Золя казалось, что он никогда не сможет прожить без одобрения ближайших собратьев. Несмотря на то что они одновременно были и его соперниками, легко и свободно он чувствовал себя только с ними, потому что одолевавшие их заботы в точности совпадали с его собственными. Всю «пятерку освистанных авторов» сжигала одна и та же творческая лихорадка, они терзались одними и теми же сомнениями, когда перечитывали свои рукописи, они обсуждали профессиональные проблемы на том же языке и так же точно жаловались на непонимание со стороны журналистов и издателей, как и сам Золя. Одержимые своим сочинительством, они встречались друг с другом для того, чтобы поделиться своими заботами и надеждами, подобно тому как больные, коротая время в приемной врача, рассказывают собратьям по несчастью о своих недомоганиях. При всех различиях, существовавших между этими людьми, они повиновались единому требованию: повернуться спиной к романтизму и изображать жизнь в неприкрашенном виде. Стремясь к воплощению жизни в ее истинных красках, они для достижения своей цели намеревались исследовать живые существа с научным бесстрастием и свойственной ученому бесчувственностью. Они предпочитали примитивный стиль, а свои описания среды, в которой происходит действие, старались сделать как можно более точными, не боясь обвинений в очернительстве или банальности.
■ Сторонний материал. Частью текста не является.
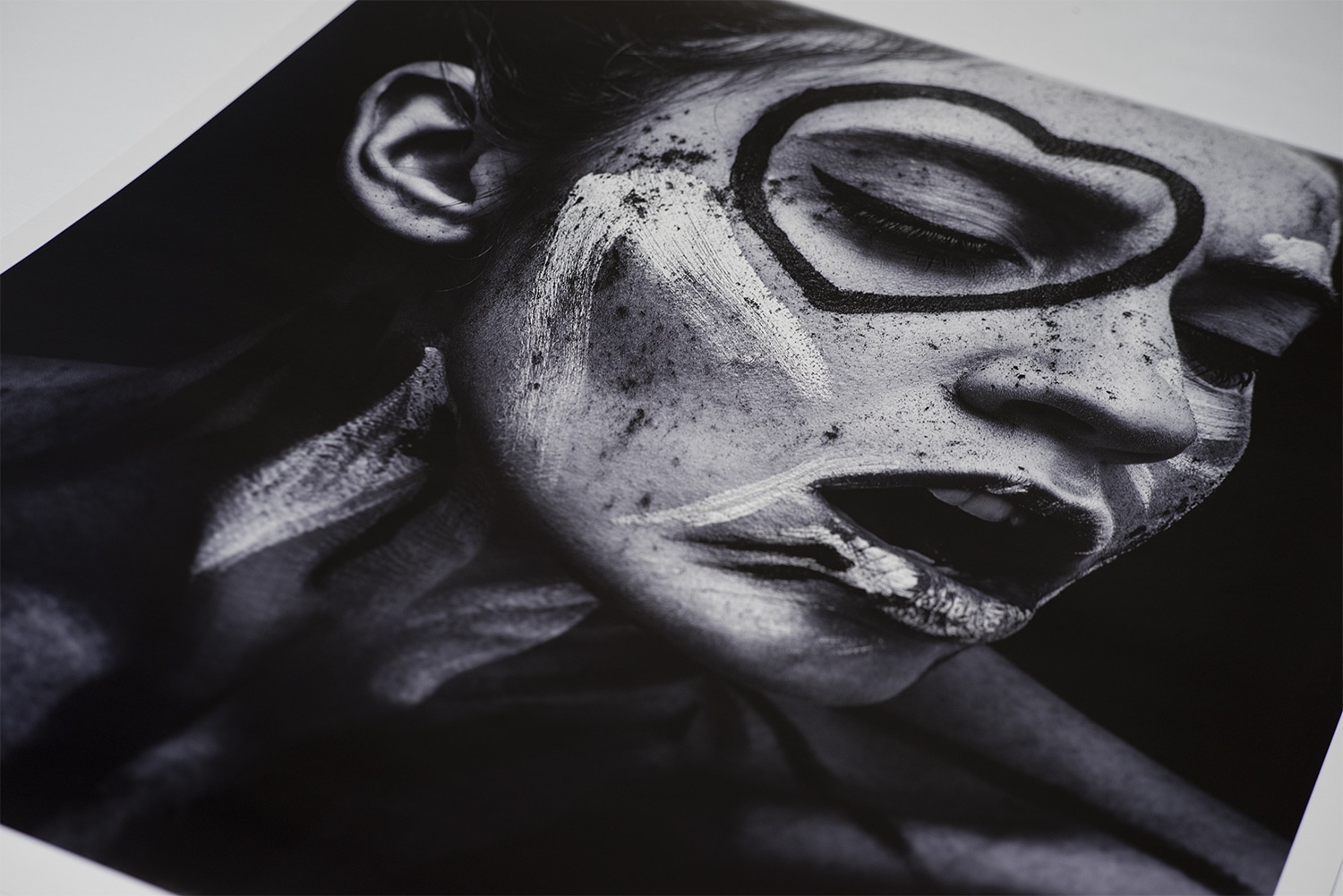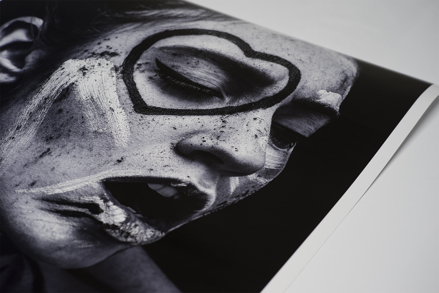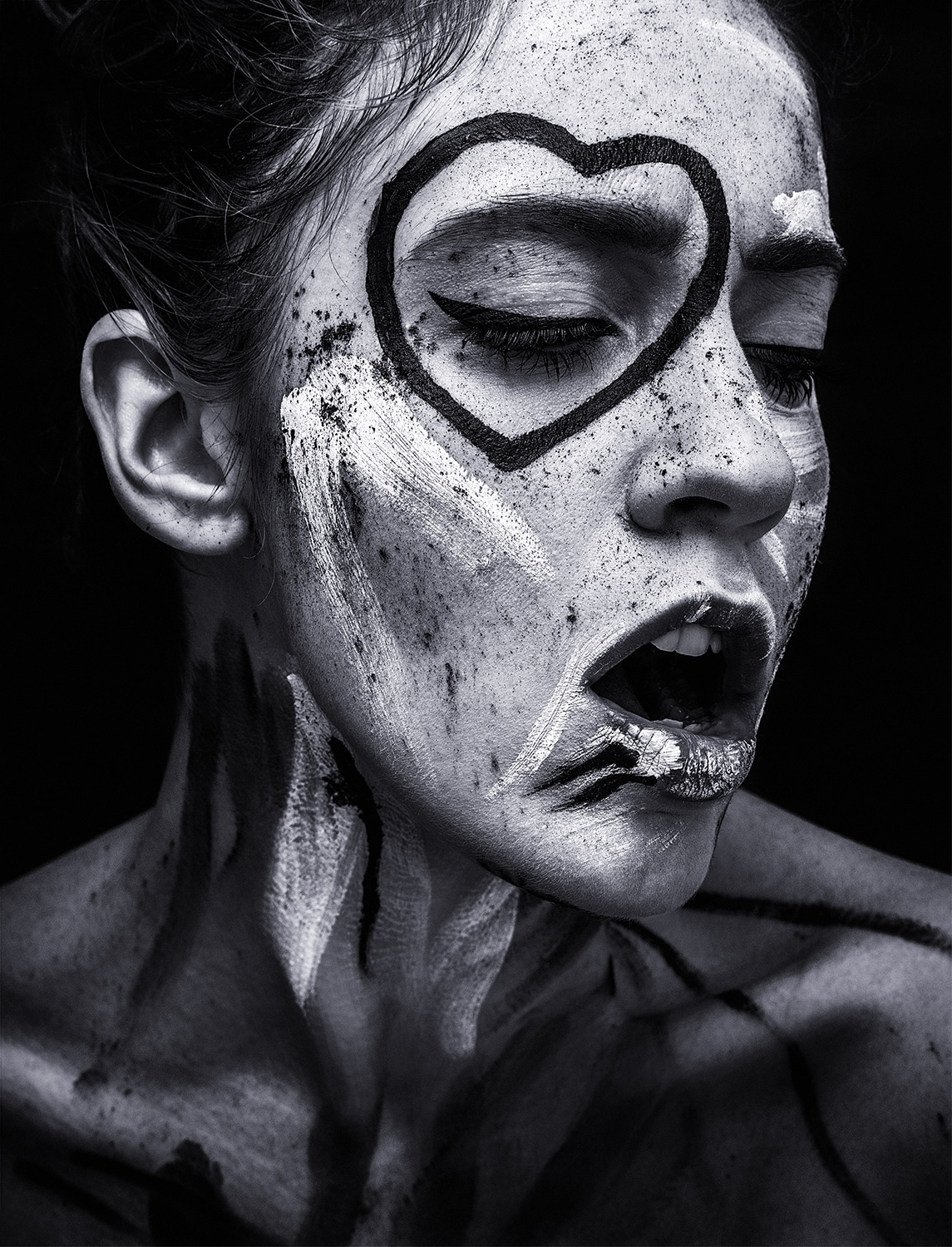 “Woman I” is a visual representation of the contradiction between softness and rawness, fragility and strength. The paint on the skin does more than decorate—it frames an expression of introspection and vulnerability. The heart drawn on the face becomes an ambiguous symbol: love, irony, or perhaps a mark of identity that defies singular interpretation.

Они претендовали на полное разоблачение общества, жаждали сорвать с него покров лицемерия, высказаться до конца. Для них не существовало ни запретных тем, ни слов, произносить которые не позволили бы требования благопристойности. Их упрекали в том, что от их разоблачений дурно пахнет, они же, отбиваясь от критиков, утверждали, что просто распахнули окно, чтобы впустить свежий воздух и дневной свет в лачуги рабочих и альковы дам полусвета. Их обвиняли в том, что они подрывают дух нации и развращают сограждан систематическими упоминаниями о безобразном и порочном, – они возражали, что, напротив, выкладывая неприглядную правду, стремятся исцелить нацию и сограждан.
Вокруг крупных фигур этого литературного направления группировались второстепенные авторы, жаждущие признания. Они избрали себе именно этих руководителей, поскольку реалистическая или натуралистическая жила казалась им поистине золотоносной. Но в большинстве своем эти малооплачиваемые и невысоко ценимые начинающие писатели, как ни старались, не могли выбиться из нужды. Если Золя мог рассчитывать получить тридцать тысяч франков от «Жиль Блаза» за уступку права напечатать очередной роман с продолжением, то Поль Алексис должен был радоваться, если ему за его сочинение выплачивали десятую часть этой суммы!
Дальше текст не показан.